[Materials provided Boundary: Start]

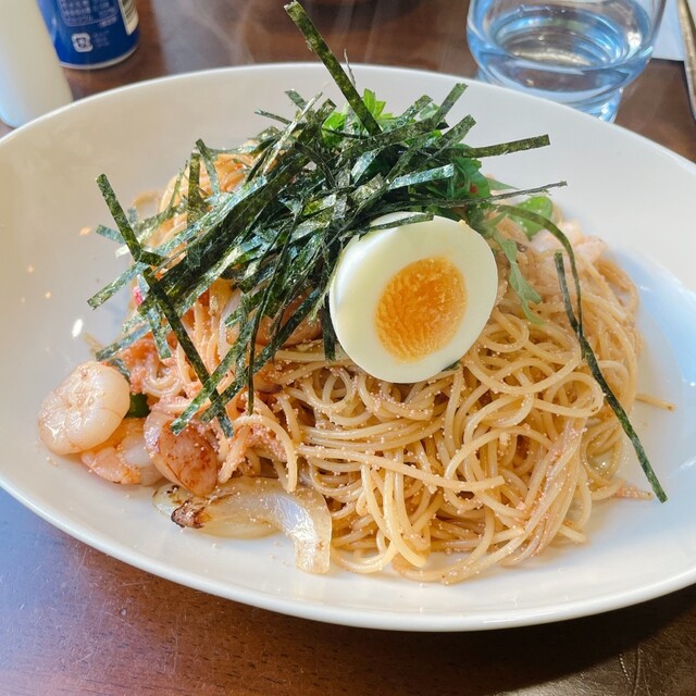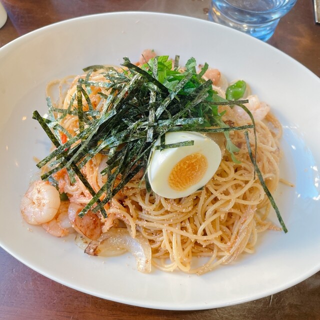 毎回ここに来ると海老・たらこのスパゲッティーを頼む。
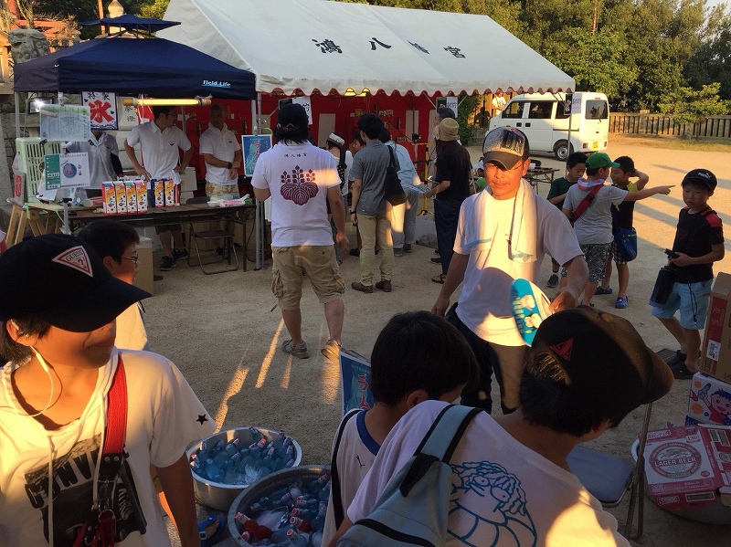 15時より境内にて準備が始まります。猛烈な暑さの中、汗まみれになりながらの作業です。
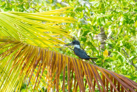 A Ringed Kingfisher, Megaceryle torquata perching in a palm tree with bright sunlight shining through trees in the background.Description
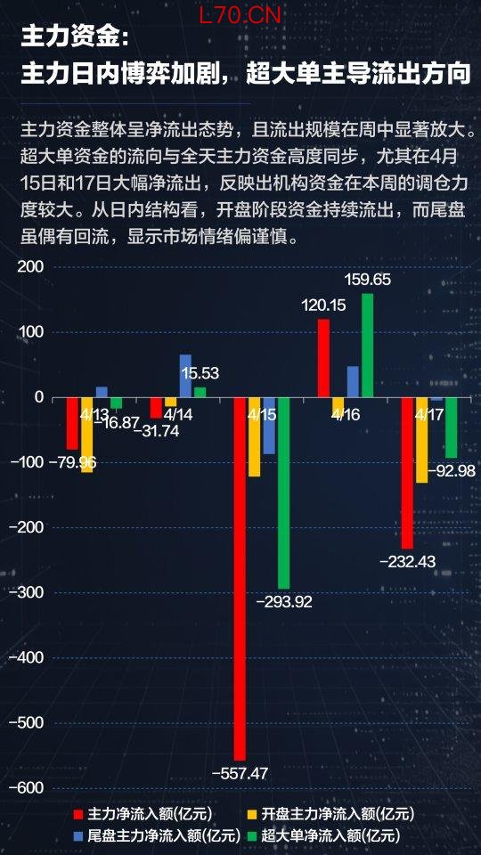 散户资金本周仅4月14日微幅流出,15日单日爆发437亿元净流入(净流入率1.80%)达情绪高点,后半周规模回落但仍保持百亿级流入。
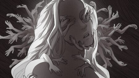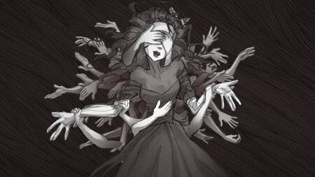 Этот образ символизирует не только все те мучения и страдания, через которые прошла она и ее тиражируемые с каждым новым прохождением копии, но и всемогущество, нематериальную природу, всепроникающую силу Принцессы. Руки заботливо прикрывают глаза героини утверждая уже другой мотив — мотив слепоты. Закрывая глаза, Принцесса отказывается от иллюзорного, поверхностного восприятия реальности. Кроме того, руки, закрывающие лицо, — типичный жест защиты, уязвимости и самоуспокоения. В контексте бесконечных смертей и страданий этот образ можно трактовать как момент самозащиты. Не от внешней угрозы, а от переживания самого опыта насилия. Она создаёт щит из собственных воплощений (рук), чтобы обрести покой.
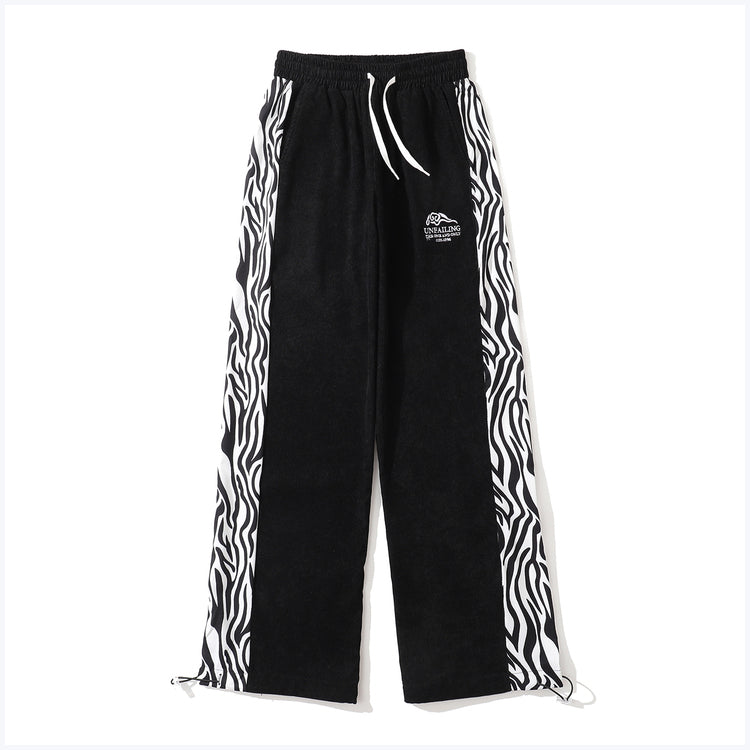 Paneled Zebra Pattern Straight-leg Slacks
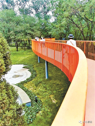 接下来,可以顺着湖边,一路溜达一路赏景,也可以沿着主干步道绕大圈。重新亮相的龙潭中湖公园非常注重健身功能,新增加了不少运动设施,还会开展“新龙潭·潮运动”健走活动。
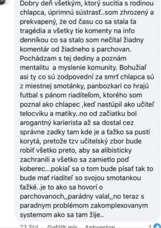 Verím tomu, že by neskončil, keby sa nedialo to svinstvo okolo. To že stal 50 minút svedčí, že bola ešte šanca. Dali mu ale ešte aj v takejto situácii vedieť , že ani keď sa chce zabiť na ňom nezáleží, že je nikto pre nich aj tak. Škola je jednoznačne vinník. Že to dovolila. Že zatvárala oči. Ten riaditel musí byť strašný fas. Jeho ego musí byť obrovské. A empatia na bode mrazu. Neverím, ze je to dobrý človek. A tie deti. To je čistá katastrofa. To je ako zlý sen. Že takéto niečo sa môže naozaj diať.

[Materials provided Boundary: End]
[Materials provided Boundary: Start]

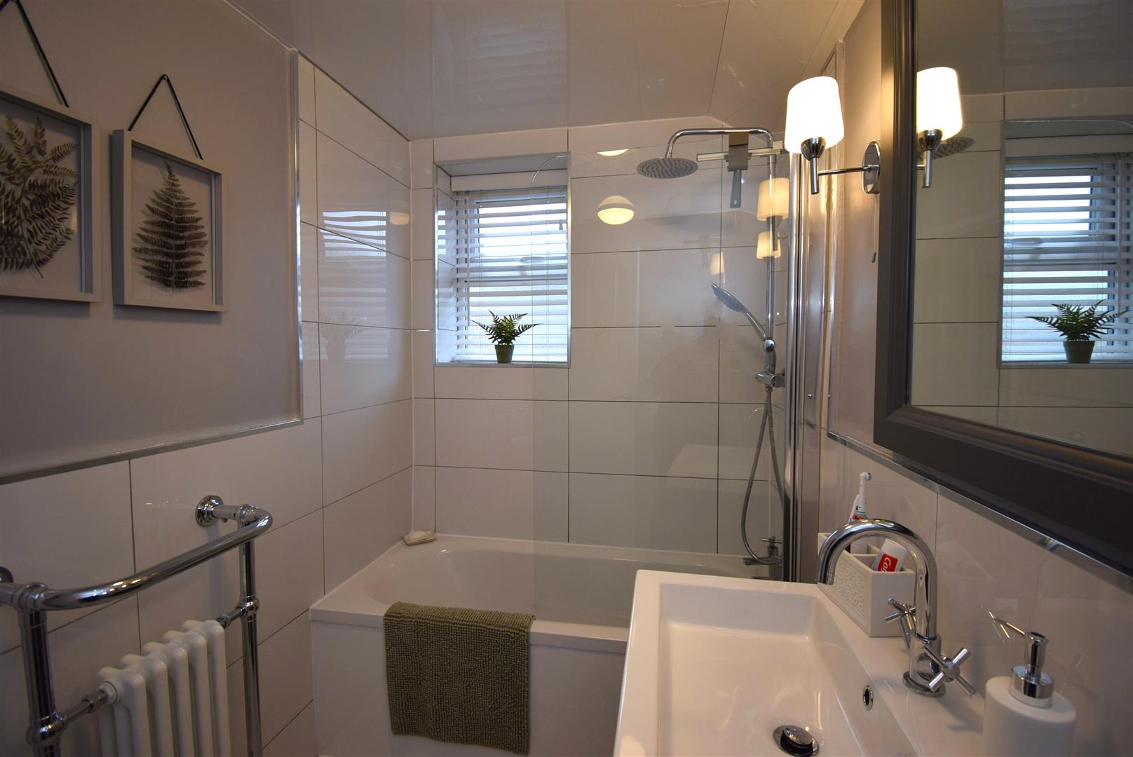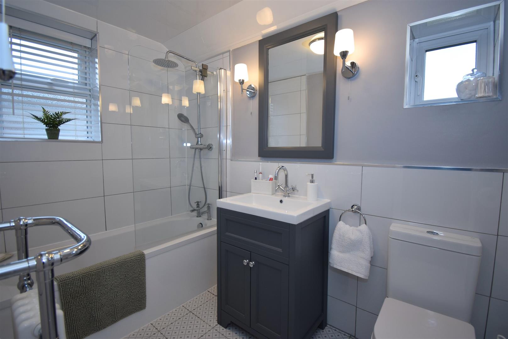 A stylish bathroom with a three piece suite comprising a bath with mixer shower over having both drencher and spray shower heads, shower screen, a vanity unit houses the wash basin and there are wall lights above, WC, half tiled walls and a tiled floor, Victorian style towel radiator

[Materials provided Boundary: End]
[Materials provided Boundary: Start]

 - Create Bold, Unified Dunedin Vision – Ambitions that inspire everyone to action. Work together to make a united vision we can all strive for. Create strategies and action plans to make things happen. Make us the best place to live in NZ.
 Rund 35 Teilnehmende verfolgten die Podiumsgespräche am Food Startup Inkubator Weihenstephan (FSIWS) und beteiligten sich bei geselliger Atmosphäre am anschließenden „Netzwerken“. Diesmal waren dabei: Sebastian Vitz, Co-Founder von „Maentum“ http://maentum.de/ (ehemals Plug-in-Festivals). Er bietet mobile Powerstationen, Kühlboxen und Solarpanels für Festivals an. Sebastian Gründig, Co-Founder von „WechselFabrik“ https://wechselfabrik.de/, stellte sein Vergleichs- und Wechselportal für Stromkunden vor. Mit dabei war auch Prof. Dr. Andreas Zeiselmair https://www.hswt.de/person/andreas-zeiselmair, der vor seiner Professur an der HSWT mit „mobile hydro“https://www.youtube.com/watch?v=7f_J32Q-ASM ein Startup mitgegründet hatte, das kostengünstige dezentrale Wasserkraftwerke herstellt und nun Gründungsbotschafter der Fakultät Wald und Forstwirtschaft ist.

[Materials provided Boundary: End]

▶ _Your goal_: Your reply is to be an exact repeat of the listing above from the line holding "A Ringed Kingfisher, Megaceryle" down to the line holding "散户资金本周仅4月14日微幅", ends included, pictures excluded.

▶ _Task output_:
 A Ringed Kingfisher, Megaceryle torquata perching in a palm tree with bright sunlight shining through trees in the background.Description
 散户资金本周仅4月14日微幅流出,15日单日爆发437亿元净流入(净流入率1.80%)达情绪高点,后半周规模回落但仍保持百亿级流入。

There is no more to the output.